Велико страдание беспредельного горя... Но велика и причина, вызывающая подобное горе..
Действительность ужасна: отец насилует свою дочь, мать соблазняет сына, брат влечет сестру на позорное ложе, сестра увлекает брата, в доме разврат... в гостях разврат... всюду садизм... в дортуарах — онанизм... Вокруг ложь и клевета, садизм, всюду кровь, порнография, обман, всюду пьянство, безумие, разврат, всюду царит преступление!
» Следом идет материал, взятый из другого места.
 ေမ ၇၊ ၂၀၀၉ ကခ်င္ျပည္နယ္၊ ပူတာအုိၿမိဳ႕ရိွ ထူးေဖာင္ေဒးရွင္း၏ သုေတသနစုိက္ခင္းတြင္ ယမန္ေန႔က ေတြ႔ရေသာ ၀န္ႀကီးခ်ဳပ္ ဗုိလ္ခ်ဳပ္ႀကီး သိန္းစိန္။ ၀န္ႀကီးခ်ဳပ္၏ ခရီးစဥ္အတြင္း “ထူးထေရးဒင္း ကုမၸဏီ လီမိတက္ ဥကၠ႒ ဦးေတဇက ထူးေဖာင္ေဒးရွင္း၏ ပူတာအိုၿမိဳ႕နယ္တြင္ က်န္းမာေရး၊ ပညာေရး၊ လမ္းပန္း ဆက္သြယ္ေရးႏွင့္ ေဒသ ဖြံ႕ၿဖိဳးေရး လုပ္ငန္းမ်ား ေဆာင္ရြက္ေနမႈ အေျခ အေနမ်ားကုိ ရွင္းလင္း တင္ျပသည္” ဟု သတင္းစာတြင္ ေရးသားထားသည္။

Нет, несчастный юноша, не стоят они, эти люди-звери, погубленной ими твоей, некогда светлой, жизни. Пусть твои тираны, твои палачи мучают тебя до смерти, но... не до самоубийства. Пусть благородный порыв твоей возмущенной души послужит призывом к свержению духовного ига и телесного растления твоими насильниками, но не путем самоубийства, а путем жизни, путем смелой, отчаянной борьбы.
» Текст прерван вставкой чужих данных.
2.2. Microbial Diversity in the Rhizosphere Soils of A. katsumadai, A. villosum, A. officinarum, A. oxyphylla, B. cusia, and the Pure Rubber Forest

Кто чувствует несправедливое, преступное к себе отношение, тот вместо того, чтобы лишить себя жизни, пусть всем и каждому говорит о своем горе, пусть смело кричит о нем, указывая своих тиранов, и голос его будет услышан не теми, „глухими к добру“ не сторожами спасательной станции или железно-дорожными жандармами, не полицейским участком, запротоколившим мертвой буквой твою больную, но живую душу, назвав ее по имени и фамилии, нет, не ими. — Другие услышат тебя, чуткие, искренние сердцем, сильные умом и могущественные духом; они, эти люди, протянут тебе, честный юноша, свою мощную руку и помогут остаться честным тружеником и достойным гражданином.
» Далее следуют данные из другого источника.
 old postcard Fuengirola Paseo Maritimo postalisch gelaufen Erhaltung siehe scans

Что же касается системы самих экзаменов, на которые сваливают вину самоубийства, то, должно быть, хороши же те экзамены, из-за которых люди лишают себя жизни. Я полагаю, что экзамены так же, как и наука, должны вызывать к себе стремление, уважение и соревнование со стороны экзаменующихся; поэтому экзамены должны представлять из себя не процесс погребения затраченных трудов, а торжество рождения живой человеческой мысли, свидетельствующей о действительном знании известного предмета, а чтобы достигнуть подобного положения, нужно смотреть на экзамены как на турнир человеческих знаний, а не как на контрольно-карательную меру. Нужно, чтобы экзамены служили проводником на получение известных прав и привилегий за достигнутое знание, за ту работу, которая исполнена в течение учебного года. И поэтому должно ввести следующее правило: экзамены должны быть прежде всего не обязательством, а правом каждого учащегося публично подвергнуть свои знания испытанию для получения соответствующих наград, а именно, тот учащийся, который имел годовые отметки не ниже удовлетворительных, имеет право перехода в следующий класс независимо от результата испытаний; ему может быть лишь совестно, если он почему-либо не сумеет выйти победителем на турнире человеческих знаний, взять приз.
Но за то для учащегося, отметки которого были ниже удовлетворительных, подобное испытание должно дать право на переход в следующий класс при выдержании такового. Подобное положение справедливо, а потому не может послужить и косвенным предлогом для самоубийства.
Но ведь не все кончают самоубийством „из-за экзаменов“. Многие умирают от голода и прочих ужасов, созданных несправедливостью людской. Вникните хорошенько в суть дела, и вам сделается жутко; так например, для того, чтобы насаждать дома „терпимости“ и дома „свиданий“, находятся и „люди“ (хороши, должно быть, эти люди) и „капитал“, а для того, чтобы не умирали с голода те люди, которые предназначаются для общего пользования не телом, а умом, знанием, которые отдают свои лучшие силы не для разврата, а для развития наших детей, для блага народа, — для них у нас не находится ни людей, ни капитала. У нас на этот счет один ответ: „пусть мрут — меньше останется нищих“... Спрашивается, при чем же тут экзамены? После всего высказанного, я полагаю, справедливым будет обратиться к обществу со словами: „Врачу, исцелися сам“... и „больные“ сами собой исчезнут. Не будут тогда совершаться ни убийства, ни самоубийства.